▶ _EXERCISE INSTRUCTIONS_
Omit the images, then output each of the records below exactly.

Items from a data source
____________

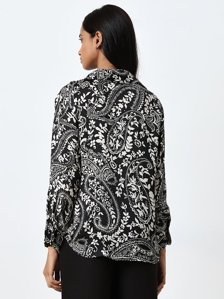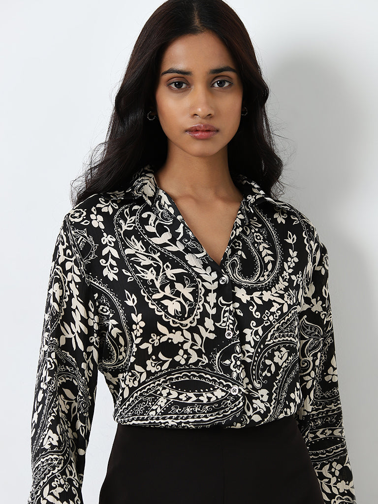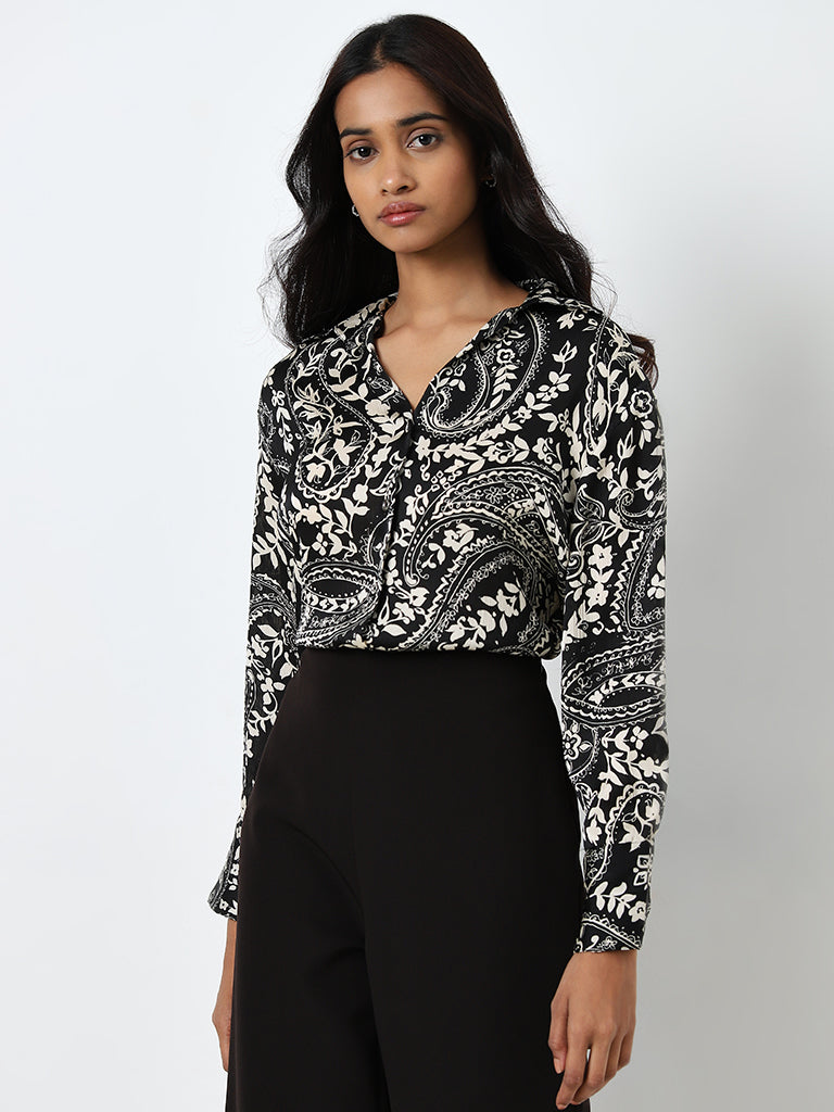 Be the first to review “Wardrobe Black Leaf Printed Shirt”
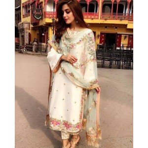 Want to get prepared for a function and want to be classy,White Color Ready made Anarkali Gown with ..
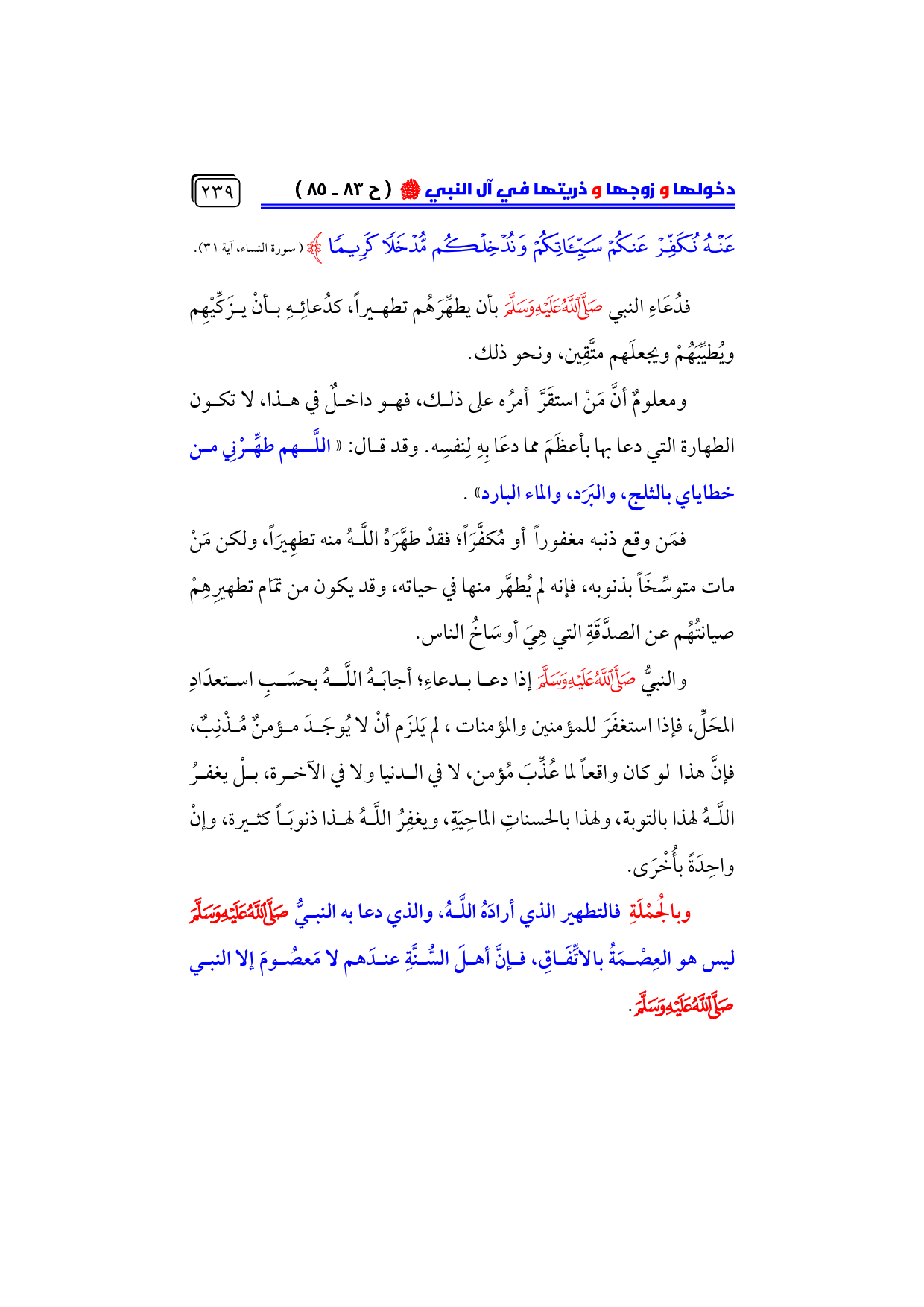 وبالجُمْلَةِ فالتطهير الذي أرادَهُ اللَّهُ، والذي دعا به النبيُّ - صلى الله عليه وسلم - ليس هو العِصْمَةُ بالاتِّفَاقِ، فإنَّ أهلَ السُّنَّةِ عندَهم لا مَعصُومَ إلا النبي - صلى الله عليه وسلم -.
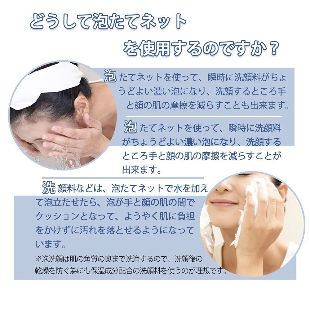 【洗顔ネット│ご注意】①本製品を直接肌に使用することはご遠慮ください。 ➁本製品は、非発泡性や低発泡性の洗顔料(成分で石鹸ベースなし、低石鹸ベース)およびスクラブ洗顔には適していません。③クレイタイプの洗顔料はネットが破けやすくなるのでご注意ください。 ④火のそばや高温になる場所には置かないでください。 ⑤衛生上、3ヶ月を目安に定期的な買い替えをおすすめします。⑥お肌に合わないときは、ご使用をおやめください。
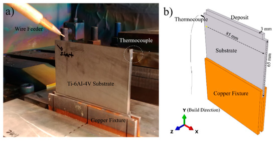 A series of single bead thin wall structures were fabricated using a wire-fed 42 kW Sciaky EBAM and welding system (Sciaky, Chicago, IL, USA) under 5 × 10−3 Pa (5 × 10−5 mbar) vacuum at the Aerospace Manufacturing Technologies Centre of the National Research Council of Canada in Montreal, Canada to emulate additive processing. Timetal Ti64 (AMS4911M) wrought plates (Timet, Warrensville Heights, OH, USA) were used as the substrate in the deposition experiments. Substrate plates were cut with dimensions of 85 mm in width, 65 mm in height, and 3 mm in thickness. The height of the substrate was oriented parallel to the rolling direction (RD) of the plate. The top (deposition) surface of the substrate was ground with 120 grit SiC paper and cleaned with acetone prior to deposition. Temperature measurements were undertaken using a 0.5 mm diameter K-type thermocouple attached to the side of the substrate. To attach the thermocouple, a hole, approximately 1 mm in diameter, was drilled roughly 3 mm away from the top surface (Figure 1). Timetal Ti64 (AMS 4954) filler wire with a 0.9 mm diameter was used for deposition. The chemical compositions of the wire and plate are given in Table 1. In the experiment, a bi-directional scan strategy was used where subsequent layers have opposite scanning directions. Ten successive layers were deposited to produce a 5 mm build height (500 μm layer thickness). One of the experiments was stopped after depositing a single pass/layer to have a snapshot of the microstructure and residual stresses for the first layer as a point of comparison. The photograph and the schematic in Figure 1 show the substrate geometry and experimental setup. The travel speed and wire feed rate were set at 3.81 mm/s and 8.5 mm/s, respectively. Samples were cooled down to room temperature under vacuum.
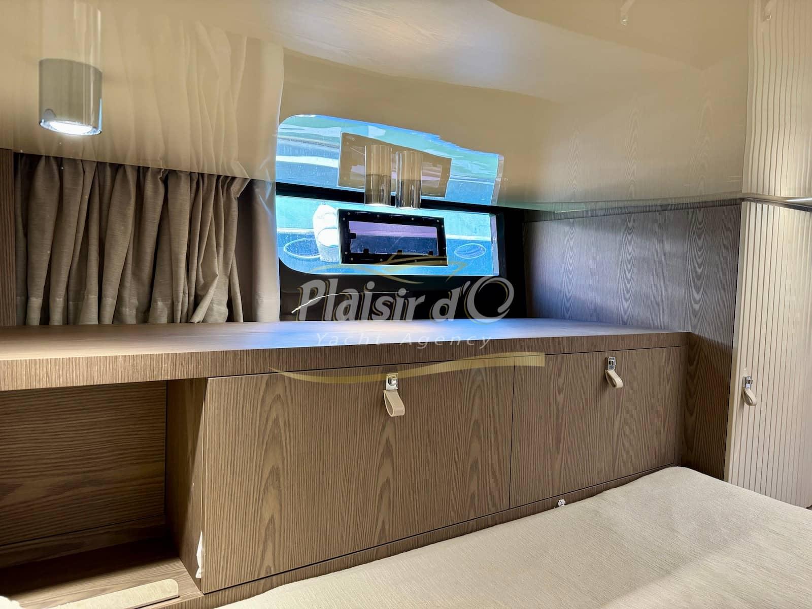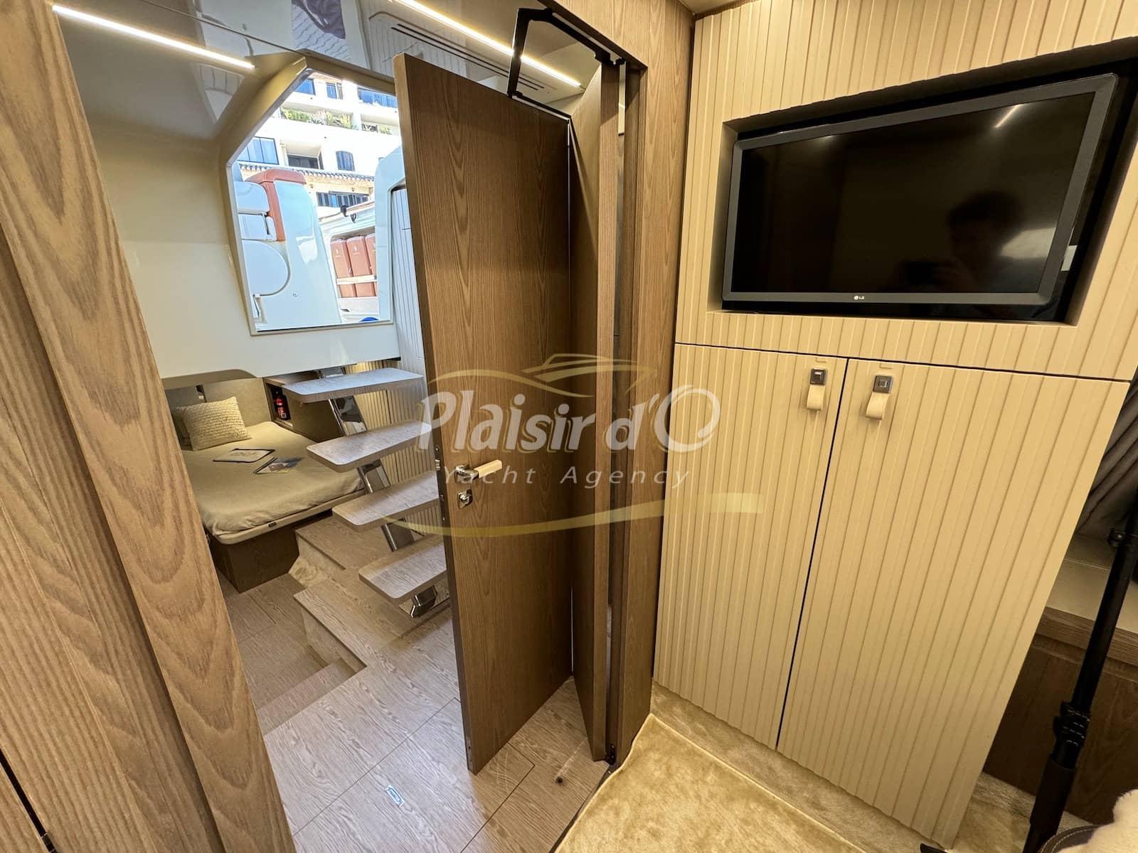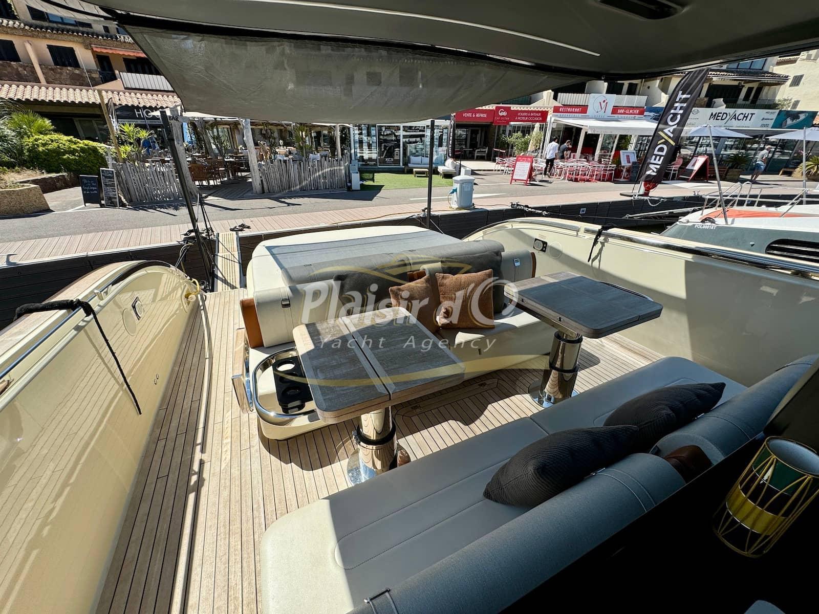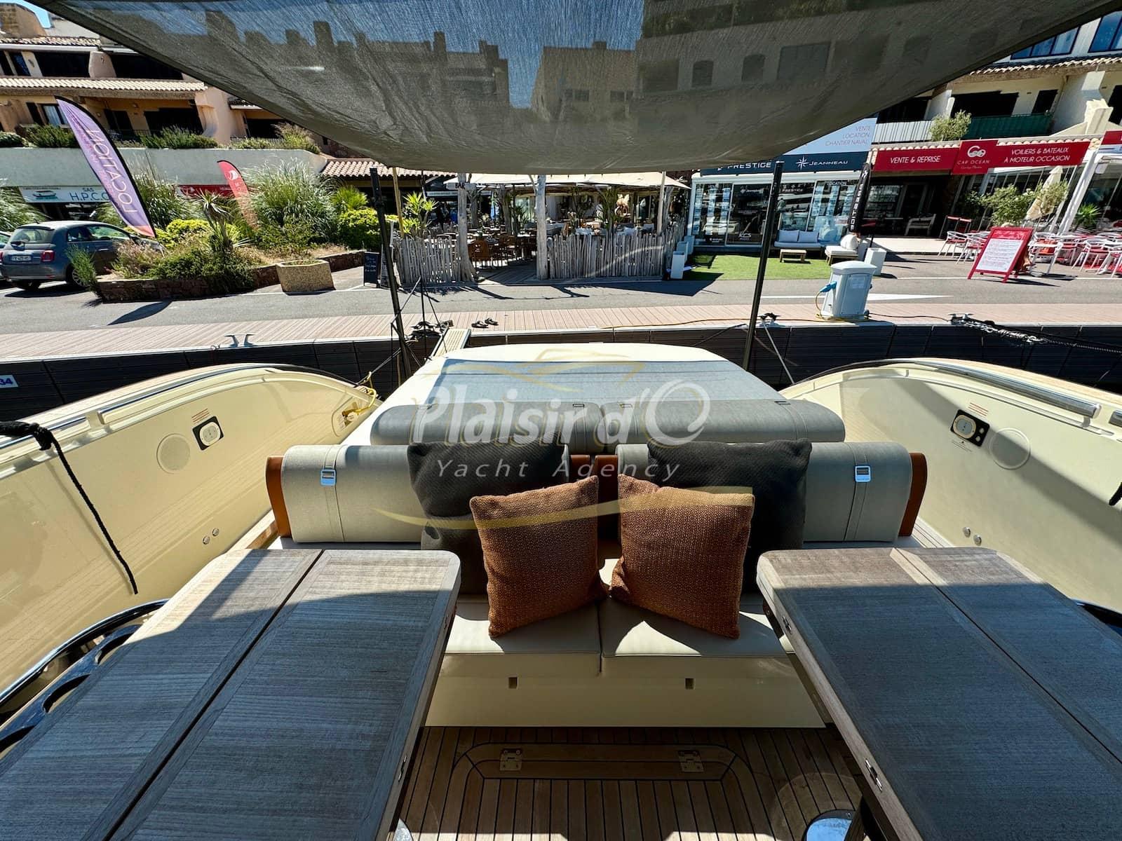 TOUTES OPTIONS : Stabilisateur gyroscopique, plateforme hydraulique immangeable, passerelle hydraulique rétractable , Volvo Penta IPS 650, générateur Fisher panda, climatisation réversible tropicale, 2 écran Garmin 16”, VHF Garmin, guindeau électrique, ice maker, machine à café Nespresso, 2 réfrigérateur grandes capacités, congélateur, extension taud de soleil arrière avec mats carbone, éclairage sous marin, garage à annexe avec treuil electrique, système HIFI Invictus Lounge system Fusion 16 haut-parleur …

____________

▶ _ANSWER TO THIS TASK_
 Be the first to review “Wardrobe Black Leaf Printed Shirt”
 Want to get prepared for a function and want to be classy,White Color Ready made Anarkali Gown with ..
 وبالجُمْلَةِ فالتطهير الذي أرادَهُ اللَّهُ، والذي دعا به النبيُّ - صلى الله عليه وسلم - ليس هو العِصْمَةُ بالاتِّفَاقِ، فإنَّ أهلَ السُّنَّةِ عندَهم لا مَعصُومَ إلا النبي - صلى الله عليه وسلم -.
 【洗顔ネット│ご注意】①本製品を直接肌に使用することはご遠慮ください。 ➁本製品は、非発泡性や低発泡性の洗顔料(成分で石鹸ベースなし、低石鹸ベース)およびスクラブ洗顔には適していません。③クレイタイプの洗顔料はネットが破けやすくなるのでご注意ください。 ④火のそばや高温になる場所には置かないでください。 ⑤衛生上、3ヶ月を目安に定期的な買い替えをおすすめします。⑥お肌に合わないときは、ご使用をおやめください。
 A series of single bead thin wall structures were fabricated using a wire-fed 42 kW Sciaky EBAM and welding system (Sciaky, Chicago, IL, USA) under 5 × 10−3 Pa (5 × 10−5 mbar) vacuum at the Aerospace Manufacturing Technologies Centre of the National Research Council of Canada in Montreal, Canada to emulate additive processing. Timetal Ti64 (AMS4911M) wrought plates (Timet, Warrensville Heights, OH, USA) were used as the substrate in the deposition experiments. Substrate plates were cut with dimensions of 85 mm in width, 65 mm in height, and 3 mm in thickness. The height of the substrate was oriented parallel to the rolling direction (RD) of the plate. The top (deposition) surface of the substrate was ground with 120 grit SiC paper and cleaned with acetone prior to deposition. Temperature measurements were undertaken using a 0.5 mm diameter K-type thermocouple attached to the side of the substrate. To attach the thermocouple, a hole, approximately 1 mm in diameter, was drilled roughly 3 mm away from the top surface (Figure 1). Timetal Ti64 (AMS 4954) filler wire with a 0.9 mm diameter was used for deposition. The chemical compositions of the wire and plate are given in Table 1. In the experiment, a bi-directional scan strategy was used where subsequent layers have opposite scanning directions. Ten successive layers were deposited to produce a 5 mm build height (500 μm layer thickness). One of the experiments was stopped after depositing a single pass/layer to have a snapshot of the microstructure and residual stresses for the first layer as a point of comparison. The photograph and the schematic in Figure 1 show the substrate geometry and experimental setup. The travel speed and wire feed rate were set at 3.81 mm/s and 8.5 mm/s, respectively. Samples were cooled down to room temperature under vacuum.
 TOUTES OPTIONS : Stabilisateur gyroscopique, plateforme hydraulique immangeable, passerelle hydraulique rétractable , Volvo Penta IPS 650, générateur Fisher panda, climatisation réversible tropicale, 2 écran Garmin 16”, VHF Garmin, guindeau électrique, ice maker, machine à café Nespresso, 2 réfrigérateur grandes capacités, congélateur, extension taud de soleil arrière avec mats carbone, éclairage sous marin, garage à annexe avec treuil electrique, système HIFI Invictus Lounge system Fusion 16 haut-parleur …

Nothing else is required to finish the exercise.